### WHAT THE TASK REQUIRES:
Could you repeat the entries below exactly, but only from the line with "Für 4-6 Kälber, bis zu 6 Monate." through the line with "General Jorge Videla", and without any picture?

### Records drawn from a dataset:
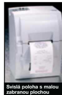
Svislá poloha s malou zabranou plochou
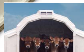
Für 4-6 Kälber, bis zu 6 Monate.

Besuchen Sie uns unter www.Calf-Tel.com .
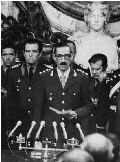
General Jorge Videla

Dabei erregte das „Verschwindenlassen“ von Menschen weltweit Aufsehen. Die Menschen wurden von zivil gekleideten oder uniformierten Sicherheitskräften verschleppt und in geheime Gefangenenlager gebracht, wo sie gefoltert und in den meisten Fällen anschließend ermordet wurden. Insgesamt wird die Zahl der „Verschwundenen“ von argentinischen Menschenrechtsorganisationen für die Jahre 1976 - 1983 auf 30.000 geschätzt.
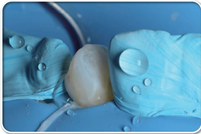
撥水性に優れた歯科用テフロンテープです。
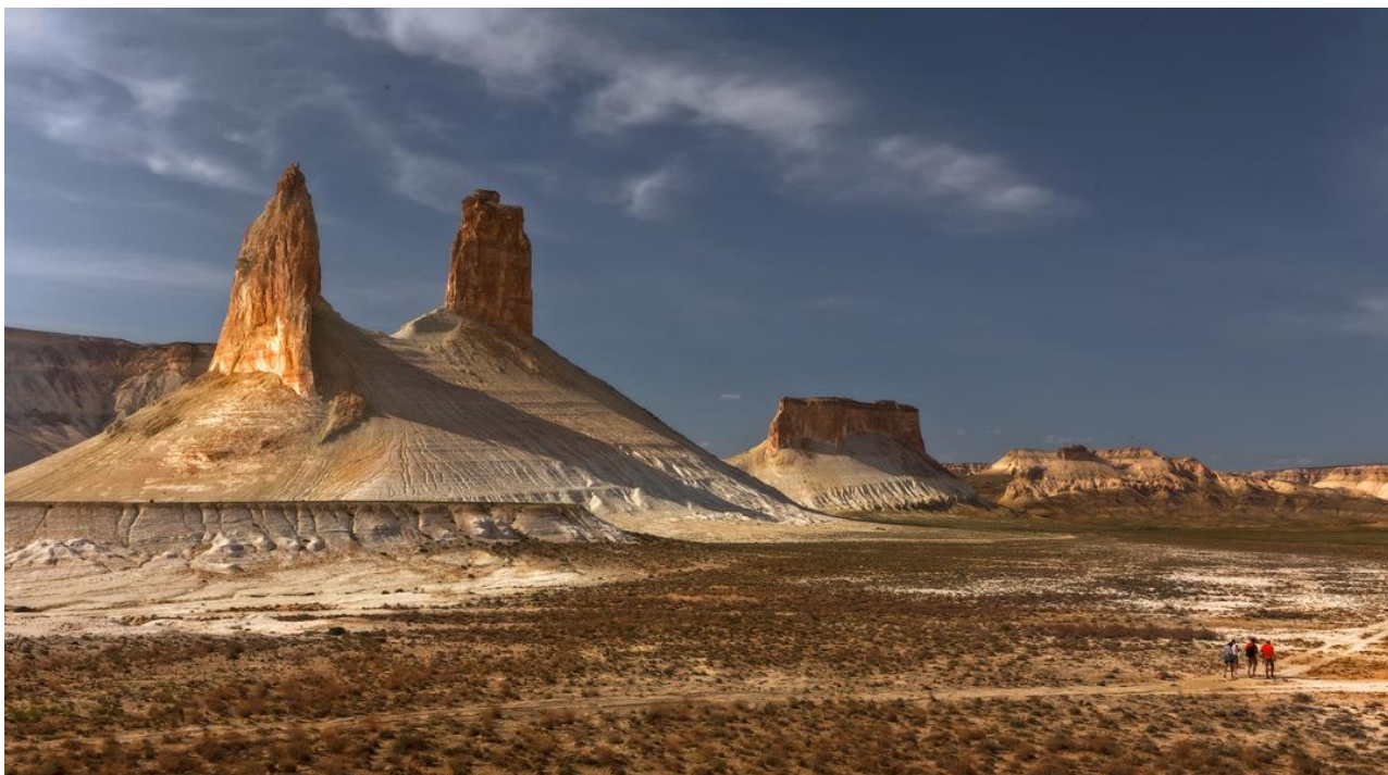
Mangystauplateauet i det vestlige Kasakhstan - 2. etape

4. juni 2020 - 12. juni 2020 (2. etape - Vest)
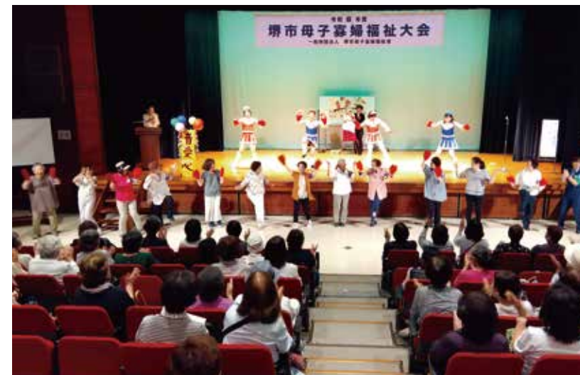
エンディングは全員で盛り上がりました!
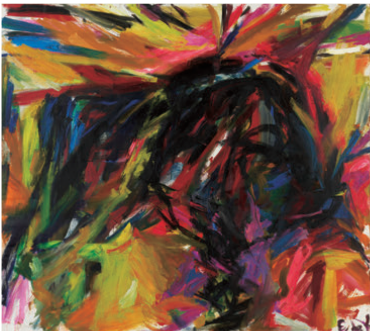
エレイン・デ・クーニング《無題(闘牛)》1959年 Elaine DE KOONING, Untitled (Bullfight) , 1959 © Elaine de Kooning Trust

### FINAL ANSWER:
Für 4-6 Kälber, bis zu 6 Monate.

Besuchen Sie uns unter www.Calf-Tel.com .
General Jorge Videla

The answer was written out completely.